Вечером в доме Хатимовых собрались комсомольцы. Закипела работа. Девушки гладили влажные, еще не просохшие простыни, которые удалось выкрасить в красный цвет, приготовив краску из разных растений и луковой шелухи, по рецепту бабушки. Елизавете Ивановне этот секрет был известен очень давно. Еще в тысяча девятьсот шестнадцатом году, когда помогала Ивану Кондратьевичу готовиться к маевке, муж рассказал, как красить полотно для флагов… Ребята тоже не сидели без дела. Антипов укладывал листовки в тонкие, аккуратные пачки — по двадцать штук в каждую, а Женя и Алексей возились с минами. Настроение у ребят и девушек было торжественное. Время от времени Женя выходил на улицу и, возвращаясь, сообщал:

— Полицаев в городе- ужас сколько! На каждом углу торчат!

— Что ж! — отвечал Антипов, обматывая полотнище флага вокруг живота. — Тем хуже для них! Подорвутся они на моих минах, вот увидите!

В полночь все было готово. Ребята по одному выбрались из дома. Алексей, Женя и Толя должны были развесить по городу флаги, а девушкам поручили расклеить листовки. Тоня и Шура засунули пачки листовок за пазуху и стали толстыми и неуклюжими. Алешка с сомнением оглядел их и покачал головой:

— Ох, девочки, будьте, пожалуйста, осторожны! Вид у вас того… Подозрительный! Лучше бы взяли меньше, вернулись лишний раз!

— Ну, нет! — сердито ответила Тоня. — Вообще за меня не беспокойся!

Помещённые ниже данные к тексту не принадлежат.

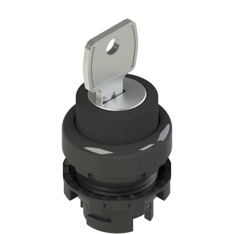Sélecteur à clé, 3 positions, noir sans marquage; Forme: À clé; Fonction: 3 positions; Couleur: Noir; Collerette: Noir; Marquage: Sans marquage; Degré de protection: IP67 selon EN 60529 et IP69K selon ISO 20653; Température ambiante: -25°C ... +80°C; Série: EROUND

Анатолий пробрался в центр города, но вскоре понял, что тут нечего даже думать развесить флаги. Немцы и полицейские дежурили у ворот, расхаживали по мостовой. Он попытался взглянуть на площадь, но вынужден был быстро юркнуть в проходной двор, так как едва не наткнулся на патрульных. Тогда Толя лег в густую траву, росшую под забором, и задумался. Как быть? Ясно, что полицаи уйдут до утра. Они тоже по-своему приготовились к празднику. Значит, отступить, ничего не сделав?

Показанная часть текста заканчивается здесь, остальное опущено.